Data quality is now product surface
There’s a comfortable idea that data quality is an internal problem. Stale records, ambiguous fields, three duplicate copies of the same customer, an edge case nobody wrote down: messy, embarrassing, but contained. A human operator routes around all of it without thinking. They know the “status” field went unused after 2023, that the real email is in the second record and not the first, that when the amount is zero it actually means “pending” because of a bug from years ago that hardened into a convention.
An agent knows none of that, and it has no instinct to be suspicious. It reads your data as true and acts. Hand it the stale record and it emails someone who left the company a year ago. Give it two fields that both look like an email and it picks the wrong one. And when it meets that zero-means-pending charge, it tells the customer they owe nothing. Where your ops team quietly routes around the mess, the agent runs straight through it and multiplies it across every record you have.

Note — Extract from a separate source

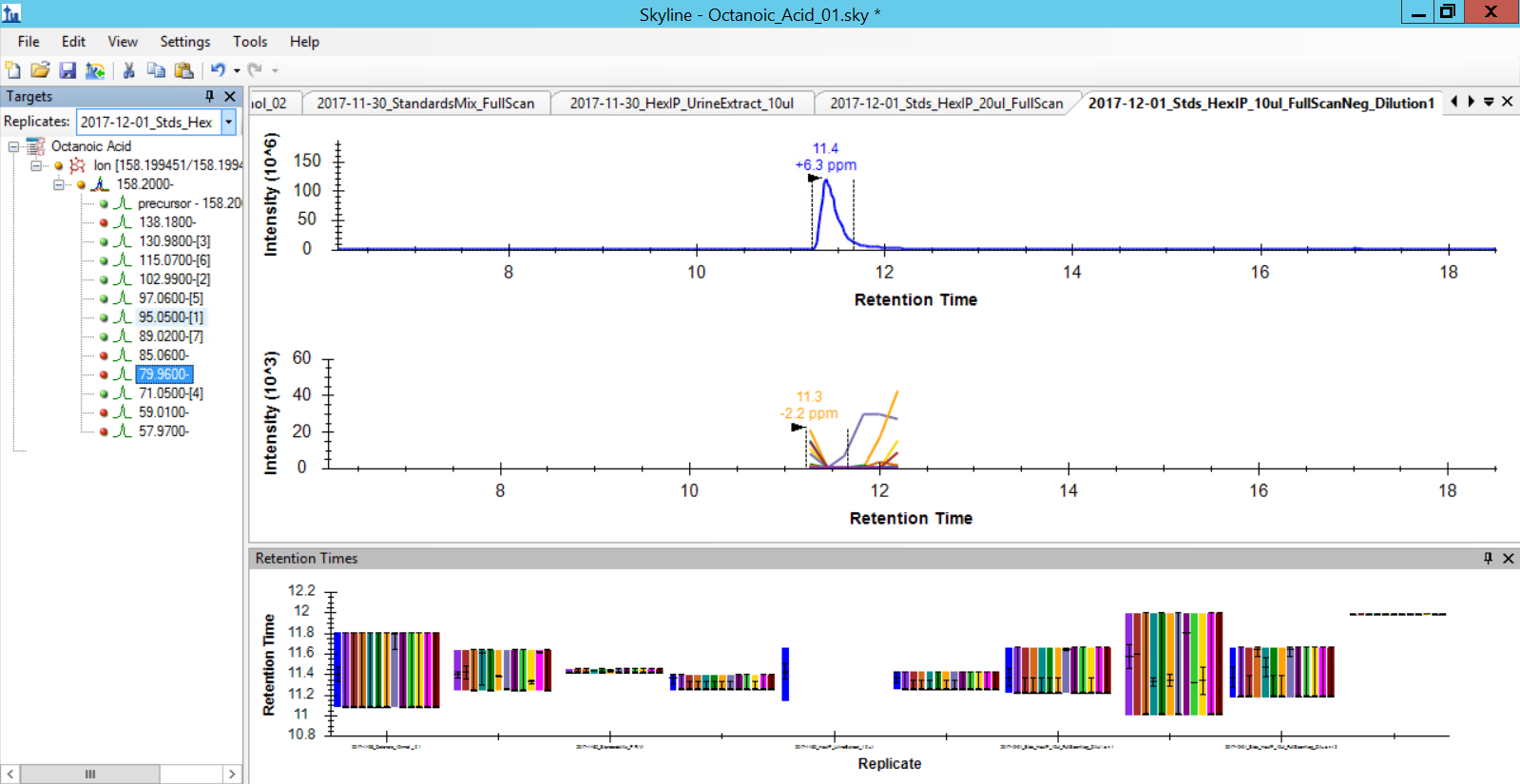 I analysed labelled lipid standards using a DDA experiment on the Q-Exactive machine. I imported my data into Skyline and found that Skyline was only extracting data around a specific time frame. The outcome is that my MS1 data is being extracted beautifully, but my MS2 data looks like a scheduling experiment gone wrong. I have attached a screenshot of my Skyline document. Can anyone advise why Skyline is extracting MS2 data in a limited time frame and not over the whole chromatogram?

So data quality has moved. It used to be something your operations team absorbed quietly behind the interface. Now it’s surface area, as much a part of what you ship as any endpoint. The duplicate entities, the fields whose meaning drifted, the edge cases that live only in tribal knowledge: every one of them is a place an agent can go wrong on a user’s behalf. An agent is only as good as the context it can trust, and your product is that context. Cleaning up the records, making the names mean one thing, writing down the conventions that only live in someone’s head: that used to be housekeeping for a slow afternoon. Now it decides whether an agent comes to rely on your product or quietly learns to route around it.
What you’re actually building
These four pieces are the same piece seen from four sides. An honest API, traces you can read and reverse, permissions built for delegation, data clean enough to act on: each one answers whether a thing that reads instead of looks can run your software without wrecking it or getting wrecked by it.

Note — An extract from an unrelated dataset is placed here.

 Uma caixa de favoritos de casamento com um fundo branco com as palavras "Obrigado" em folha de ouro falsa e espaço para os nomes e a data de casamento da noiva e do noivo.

Identity already got the agent through your door; that part’s mostly solved. What it finds on the other side is still up to you. Build it so a non-human operator can see the structure, undo its own mistakes, hold exactly the authority you handed it, and trust the data in front of it, and agents will get sent to you to do real work. Skip it, and you become one more tool agents quietly learn to avoid, and you won’t even get a bug report to tell you why; the traffic just thins out and then it’s gone.